Please--there are people working on this. I will send them this thread so they can follow it but I am concerned that an unapproved foster home could be a disaster for his dogs. Not all people out there are trustworthy. Someone recently STOLE a puppy they were fostering for a local rescue.


----------



## gsd&mal crazy1 (May 22, 2008)

CampPappy,
we would all be in the guessing game with that. as long as it would take him to find another home. we know how long that can take. also he is on social security and no employment, so that adds to his toughness with the situation. he is really stuck in a rut. so who knows. who ever fostered should be looking at the possibility that it will be a forever thing. i'm going to try to get to see the dogs and see how social they are. he said they have only been with him and have not had much socialization. they bark at neighbors and all. 
i asked him how his neighbors would vouch for him and his dogs and he said they would just say he's the man with the big dogs they are scared of.


----------



## BowWowMeow (May 7, 2007)

> Originally Posted By: gsd&mal crazy1CampPappy,
> we would all be in the guessing game with that. as long as it would take him to find another home. we know how long that can take. also he is on social security and no employment, so that adds to his toughness with the situation. he is really stuck in a rut. so who knows. who ever fostered should be looking at the possibility that it will be a forever thing. i'm going to try to get to see the dogs and see how social they are. he said they have only been with him and have not had much socialization. they bark at neighbors and all.
> i asked him how his neighbors would vouch for him and his dogs and he said they would just say he's the man with the big dogs they are scared of.


Again, I know how heartbreaking this is and that you want to help but _please do not be tempted to take on these dogs yourself_, either as a foster or just to help him.

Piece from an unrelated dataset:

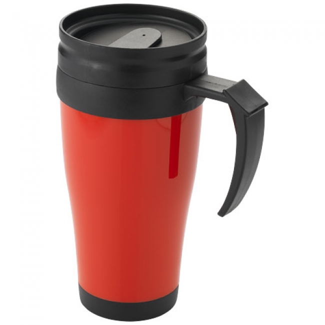 Daytona isolating mug. Double wall mug with twist-on thumb slide lid. Volume capacity is 330 ml. Plastic. Cannot be used in microwave and is not dishwasher safe. Recommended to hand wash only. Content is 330ml. Screw on thumb-slide lid
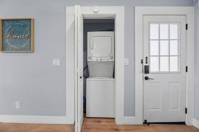 Welcome to a rare opportunity in Central San Jose a warm and inviting home offering comfort and room to grow. This beautifully remodeled 2-bedroom, 2-bath residence features 996 sq ft of living space on a 5,510 sq ft lot, blending modern updates with everyday ease. Remodeled in 2024, the bright open-concept layout creates a natural gathering space. The living and dining areas flow together with a casual dining bar, while large windows fill the home with natural light. The updated kitchen includes solid surface countertops, range, dishwasher, refrigerator, and hood. Wood-style flooring runs throughout, and central A/C ensures year-round comfort. An in-home washer and dryer add convenience. The spacious backyard offers room to play or relax outdoors. A basement bonus room provides flexible space for an office, playroom, or storage. Zoned R2 with added flexibility for future possibilities (buyer to verify). Located blocks from light rail, shopping, dining, and major commute routes. Close to Willow Glen schools and nearby tech campuses, including the future Google development. Move-in ready and well-located, this home offers comfort, convenience, and space to grow.

I know how much you love gsds and that you really feel for Randy but there are two rescues trying to help out right now. I'm sure things will not move fast enough for anyone but they are aware of the situation and actively working on it.


----------



## gsd&mal crazy1 (May 22, 2008)

well please have them contact this man and let him know this. he calls me which is o.k. but i am feeling the need to help him. he knows some woman named Mary called him and said she is going to help but he does not really know what anyone is trying to do for him. please have some one call him and leave him with a number that he can contact them at. 
thanks.


----------



## BowWowMeow (May 7, 2007)

*Re: BUFFALO, NY-M&F, 9 & 11*

Here is an update from the pres of Buffalo Humane who is trying to help this man:

"Two GSDs are living with a
gentleman in his one-bedroom apartment here in Buffalo and the man's NYC
landlord wants them out. Unfortunately they are 9- and 11-yrs old. I called
the landlord and asked him to give us some time to work to see what could be done. It looks like we have about 3 weeks tops. These dogs WILL be
euthanized (as too old and not adoptable) if they go to a shelter. I'm going
to go check out the situation and the dogs further. I'm hoping that, if the
current owner seems good and responsible with the dogs, we may be able
either to (a) put him in touch with legal aid (the guy is on disability) to
advise him of his renter's rights (which I think are being violated here),
or (b) to try to find him alternative housing within his means. "


----------



## Myamom (Oct 10, 2005)

*Re: BUFFALO, NY-M&F, 9 & 11*

So very very sad. Thank you again for keeping up on this!


----------



## gsd&mal crazy1 (May 22, 2008)

*Re: BUFFALO, NY-M&F, 9 & 11*

yeah thanks for the update. so the youngest dog is 9 and not 6 huh. wow. that's really unfortunate that they would be put down. let me know if there is anything i can do. i am pretty close.


----------



## daniella5574 (May 2, 2007)

*Re: BUFFALO, NY-M&F, 9 & 11*

Has there been any word on these two?


----------



## BowWowMeow (May 7, 2007)

*Re: BUFFALO, NY-M&F, 9 & 11*

I will ask for an update.


----------



## gsd&mal crazy1 (May 22, 2008)

*Re: BUFFALO, NY-M&F, 9 & 11*

still no update on this man and his 2 gsd's ?


----------



## dd (Jun 10, 2003)

*Re: BUFFALO, NY-M&F, 9 & 11*

Update??

dd


----------